Thank you in advance,
Best regards, Pieter

PiVo · ‎12-19-2023

Hi Zhiming,

Thanks for your reply! Our issue is a little different, the kernel emits 0 errors or warnings when trying to mount. There are no messages indicating read errors or so. After re-performing an ubiformat, everything is fine and we can perform numerous "dirty" reboots. However in a real-life product that is of course not an option. The filesystem can not go corrupt in our case.

The NAND chips are practically new and we've seen this happen on some new systems. Since UBIFS is supposed to be fault tolerant, this issue is likely caused somewhere between the GPMI and the NAND. The error is also that un-common that no error messages pop up. I did not find any other reference with this kind of behavior.
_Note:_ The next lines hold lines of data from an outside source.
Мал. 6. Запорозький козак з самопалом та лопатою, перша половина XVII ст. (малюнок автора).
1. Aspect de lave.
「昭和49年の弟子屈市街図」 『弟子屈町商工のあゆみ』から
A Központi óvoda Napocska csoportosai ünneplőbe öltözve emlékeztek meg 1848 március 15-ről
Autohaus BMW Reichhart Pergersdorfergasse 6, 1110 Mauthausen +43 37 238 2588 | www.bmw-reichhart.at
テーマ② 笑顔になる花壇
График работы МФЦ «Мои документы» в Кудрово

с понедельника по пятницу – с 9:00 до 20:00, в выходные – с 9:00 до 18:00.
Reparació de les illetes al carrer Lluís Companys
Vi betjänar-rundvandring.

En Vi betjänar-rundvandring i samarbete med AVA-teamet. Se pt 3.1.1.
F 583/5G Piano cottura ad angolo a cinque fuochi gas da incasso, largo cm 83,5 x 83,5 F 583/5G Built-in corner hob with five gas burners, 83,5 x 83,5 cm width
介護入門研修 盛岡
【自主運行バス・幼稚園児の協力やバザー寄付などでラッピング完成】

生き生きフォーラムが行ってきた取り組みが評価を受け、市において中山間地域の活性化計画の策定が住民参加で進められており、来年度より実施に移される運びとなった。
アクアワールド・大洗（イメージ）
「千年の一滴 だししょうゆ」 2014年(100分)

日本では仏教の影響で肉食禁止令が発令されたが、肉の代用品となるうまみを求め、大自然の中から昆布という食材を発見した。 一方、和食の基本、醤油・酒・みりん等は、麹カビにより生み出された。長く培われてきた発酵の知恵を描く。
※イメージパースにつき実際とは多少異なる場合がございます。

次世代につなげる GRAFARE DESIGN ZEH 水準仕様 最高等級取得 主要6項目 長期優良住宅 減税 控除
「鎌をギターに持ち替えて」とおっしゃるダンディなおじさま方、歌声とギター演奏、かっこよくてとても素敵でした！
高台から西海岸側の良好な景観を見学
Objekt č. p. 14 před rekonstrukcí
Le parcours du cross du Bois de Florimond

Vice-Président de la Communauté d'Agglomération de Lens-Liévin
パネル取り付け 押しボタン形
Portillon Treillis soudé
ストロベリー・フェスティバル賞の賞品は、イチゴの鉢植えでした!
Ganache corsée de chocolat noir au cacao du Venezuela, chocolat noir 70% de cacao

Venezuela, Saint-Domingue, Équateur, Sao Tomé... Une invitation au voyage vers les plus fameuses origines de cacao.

I made a dump of the mtd and I will sniff through that to find any areas that are different to see what might have caused this.

BR, Pieter

Zhiming_Liu · ‎12-18-2023

Hello @PiVo

Here i find some reference cases may help you

https://community.nxp.com/t5/i-MX-Processors/UBIFS-recovery-needed/td-p/149849

https://community.toradex.com/t/vf50-kernel-panic-starting-with-ubifs-error-ubi0-2-pid-1/12911/4http...

This issue could relate to NAND or kernel. You can try to replace another MT29F1G08ABAFAH4-AAT:F NAND to cross-verify this issue.